TASK DESCRIPTION: If a line below falls between the line with "1.进销存报表查询相关,比如入库明细表、出库明细表等" and the line with "Διαβάστε στο zougla.gr", or is one of those two, output it exactly; output nothing else and no pictures.

THE INPUT:
┄┄┄┄┄┄┄┄┄┄┄┄┄┄┄┄┄┄┄┄

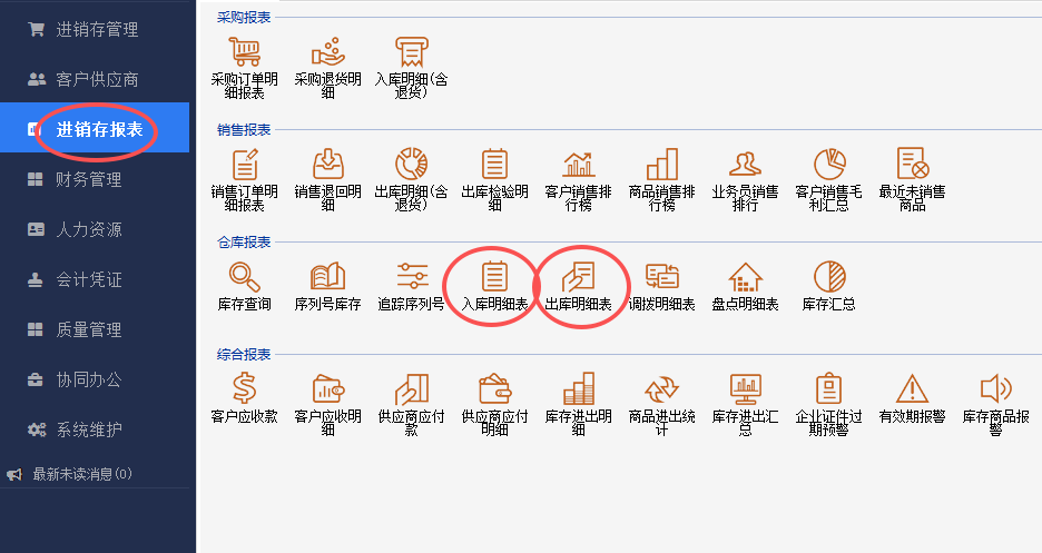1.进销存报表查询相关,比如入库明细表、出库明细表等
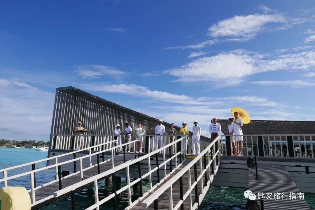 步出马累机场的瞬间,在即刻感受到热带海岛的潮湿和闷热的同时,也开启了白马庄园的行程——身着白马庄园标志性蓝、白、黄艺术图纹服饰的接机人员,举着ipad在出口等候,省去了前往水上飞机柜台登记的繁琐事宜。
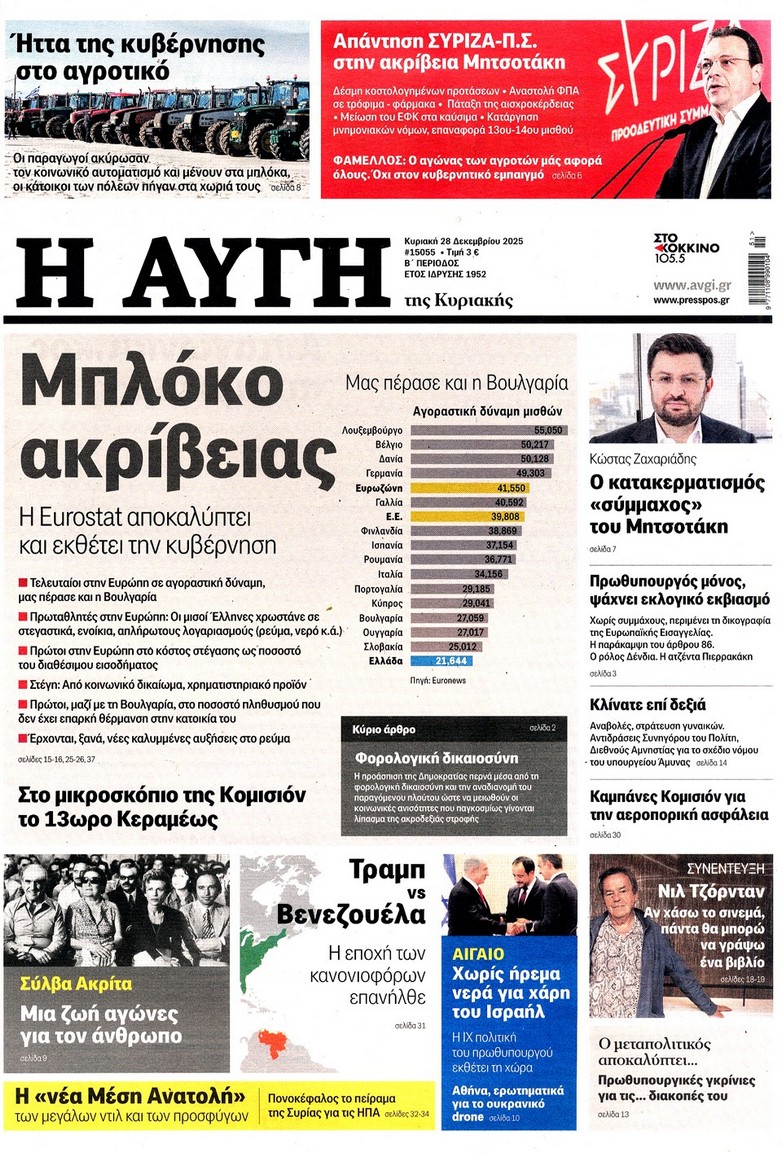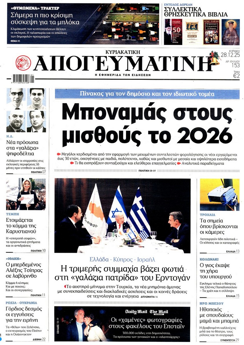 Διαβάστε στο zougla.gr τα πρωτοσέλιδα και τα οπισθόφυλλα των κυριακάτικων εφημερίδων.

┄┄┄┄┄┄┄┄┄┄┄┄┄┄┄┄┄┄┄┄

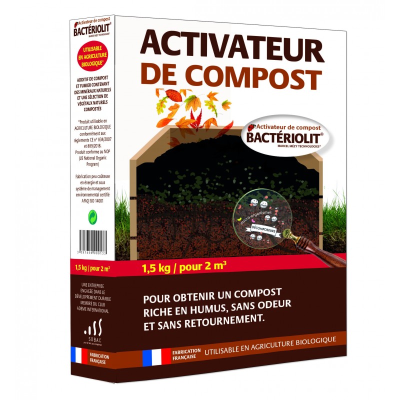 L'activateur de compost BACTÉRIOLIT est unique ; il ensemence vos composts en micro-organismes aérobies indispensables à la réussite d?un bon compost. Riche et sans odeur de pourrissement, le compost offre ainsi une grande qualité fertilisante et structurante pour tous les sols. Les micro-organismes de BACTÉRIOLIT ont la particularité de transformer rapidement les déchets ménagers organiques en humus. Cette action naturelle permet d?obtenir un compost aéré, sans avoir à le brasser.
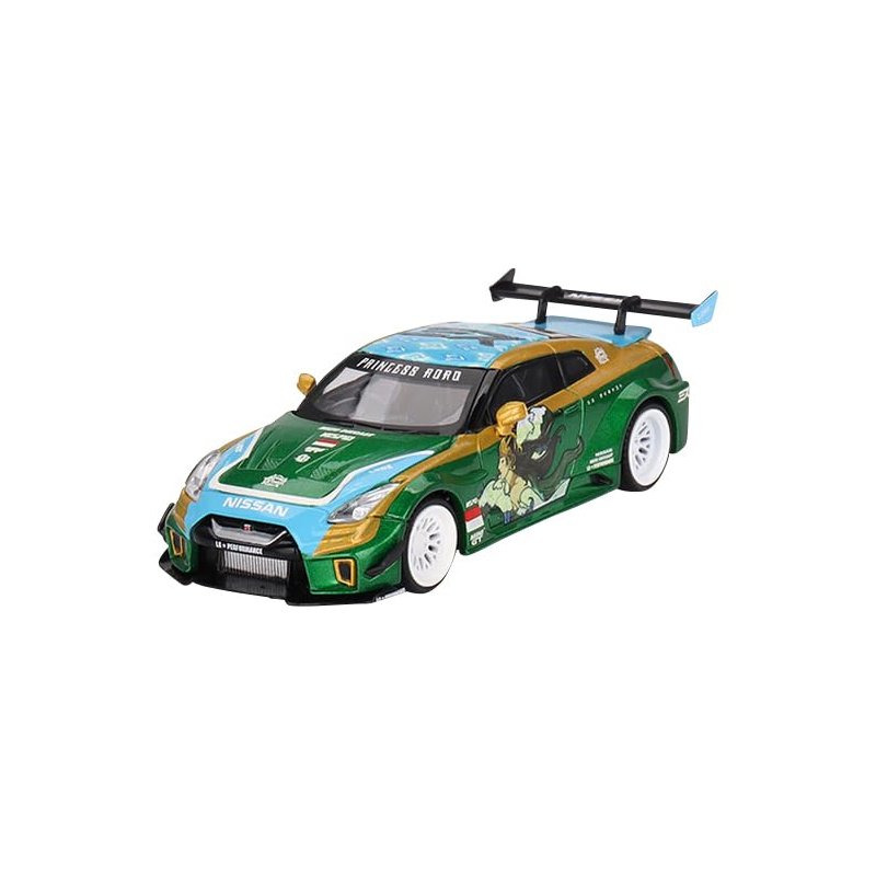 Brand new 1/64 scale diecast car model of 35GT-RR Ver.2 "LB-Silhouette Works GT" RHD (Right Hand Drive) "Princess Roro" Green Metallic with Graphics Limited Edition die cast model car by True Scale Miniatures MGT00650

┄┄┄┄┄┄┄┄┄┄┄┄┄┄┄┄┄┄┄┄

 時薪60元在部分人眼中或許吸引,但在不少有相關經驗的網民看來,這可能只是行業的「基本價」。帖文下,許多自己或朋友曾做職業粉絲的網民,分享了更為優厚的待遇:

┄┄┄┄┄┄┄┄┄┄┄┄┄┄┄┄┄┄┄┄

WRITTEN REPLY:
1.进销存报表查询相关,比如入库明细表、出库明细表等
 步出马累机场的瞬间,在即刻感受到热带海岛的潮湿和闷热的同时,也开启了白马庄园的行程——身着白马庄园标志性蓝、白、黄艺术图纹服饰的接机人员,举着ipad在出口等候,省去了前往水上飞机柜台登记的繁琐事宜。
 Διαβάστε στο zougla.gr τα πρωτοσέλιδα και τα οπισθόφυλλα των κυριακάτικων εφημερίδων.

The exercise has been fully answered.